Fibre is the new protein: everywhere you look in the media, there’s a call to feed the gut (as it happens your gut microbes eat first, converting fibre into fuel for your cells). We don’t nearly eat enough fibre, generally short of the recommended 30 g a day by almost a half.

Fibre is all goodness, not just responsible for you-know-what. It lowers cholesterol, the risk of diabetes and heart disease plus it really does work miracles in weight management (from experience).
And it’s not all only lentils and beans, if you take a look at the collection below. You can boost fibre content of breakfast, salads and mains, and even sweets. You need to take no supplements, and in fact you shouldn’t as everything is better absorbed from natural foods.
Start with breakfast: homemade granola is not only healthier but also much cheaper than decent quality, sensibly sweetened brands. It’s the easiest thing, with just the fruit and seed mix you like. And good amount of fibre is in every single ingredient!
Then turn your granola into bars, healthy and delicious. They are high protein, high fibre snacks, like a flapjack or granola bar in a savoury version. Very easy and super versatile: try baking a batch for filling and guilt-free treats.
Savoury oat and seed bars
RECIPE
Both edamame beans and spelt are worth attention for their fibre content, with avocado, egg and sauerkraut. And this recipe is also rich in protein that will keep you full until dinner. It’s an easy meal-prep, endlessly adaptable and ready in minutes.
Spelt and edamame power bowl
RECIPE
I know: avocado really doesn’t look like lots of fibre, does it? But then coffee also contains fibre so what do you know? This avocado and red kidney bean salad with crispy garlic and crunchy seed and nut topping is fit for fibremaxxing, while the garlic and seed topping alone make this recipe worth trying!
Avocado and red bean salad
RECIPE
For gut heaven, you should eat tabbouleh, the classic Levantine salad which is a mix of herbs, tomatoes, onions, cucumbers and soaked bulgur wheat.
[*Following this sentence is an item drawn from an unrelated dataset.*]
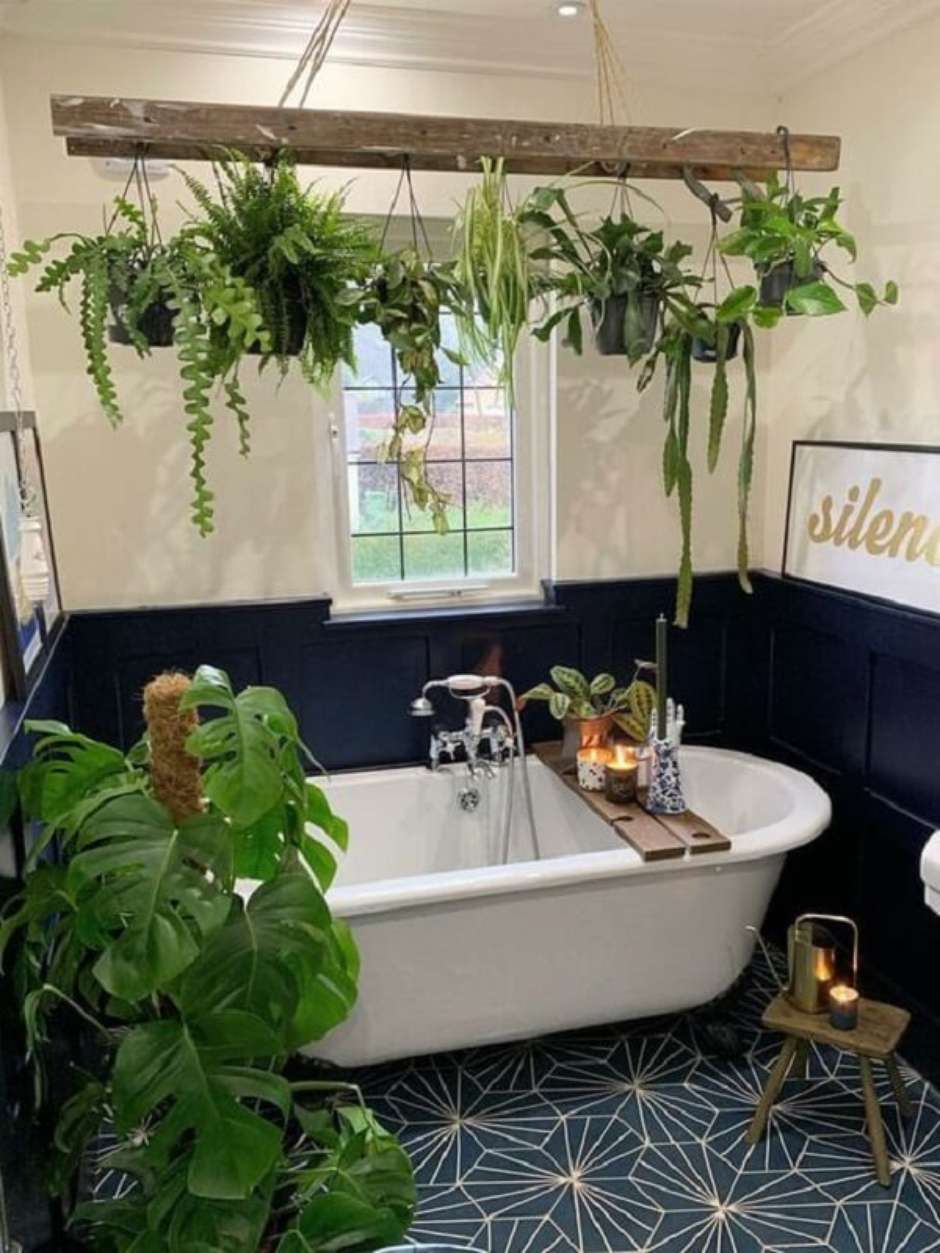 14. Se seu banheiro for iluminado a planta ornamental plantada em vasos suspensos irá crescer de forma saudável.

It’s dressed with olive oil and seasoned with Baharat. It’s delicious and healthy, and super easy to prepare.
We now get to lentils because they are deservedly hailed as Fibre Central. Lentil and mushroom bake with red peppers and a little spinach for vibrant colour is a marvellous plant-based dish. Lentils are cooked from scratch but no soaking is required for this recipe.
Lentils with mushrooms and spinach
RECIPE
You can boost fibre in meat dishes too, if you combine it with lots of fibre-rich plants. Crispy pork mince, kidney beans and Romaine lettuce salad with mixed toasted seeds is precisely that. Plus caramelised pork crumbs are the best thing since crispy bacon!
Another way of upping fibre in your meat course: turkey schnitzels coated in dukkah breadcrumbs. They are an exciting and flavoursome version of the old comfort staple: crunchy and crisp, but with delightful, fragrant seasoning. Make up a big jar of dukkah to keep in the pantry and sprinkle on everything for a flavour and fibre boost.
Turkey schnitzel in dukkah
RECIPE
How to make your lunchtime sandwich fibre-rich? Bake a loaf of seeded light rye bread with linseed, sunflower and pumpkin. This mixed rye and wheat loaf is leavened with yeast and tastes a little like a blonde pumpernickel. It's easy to bake and best sliced the day after baking.
Fancy a sweet treat? No problem: these homemade cereal bars are made with oats and plenty of dried fruit and seeds (that’s triple fibre). And you might not know that fibre actually partly offsets the sugar content in foods which is why dried fruit is quite a healthy snack.
Oats and dried fruit bars
RECIPE
Bonus recipe: roasted seed and nut mix toasted in a warm oven. Salty and crunchy clusters of seeds and nuts are an excellent fibre top-up to salads, sandwiches and soups. Or you can nibble them on their own!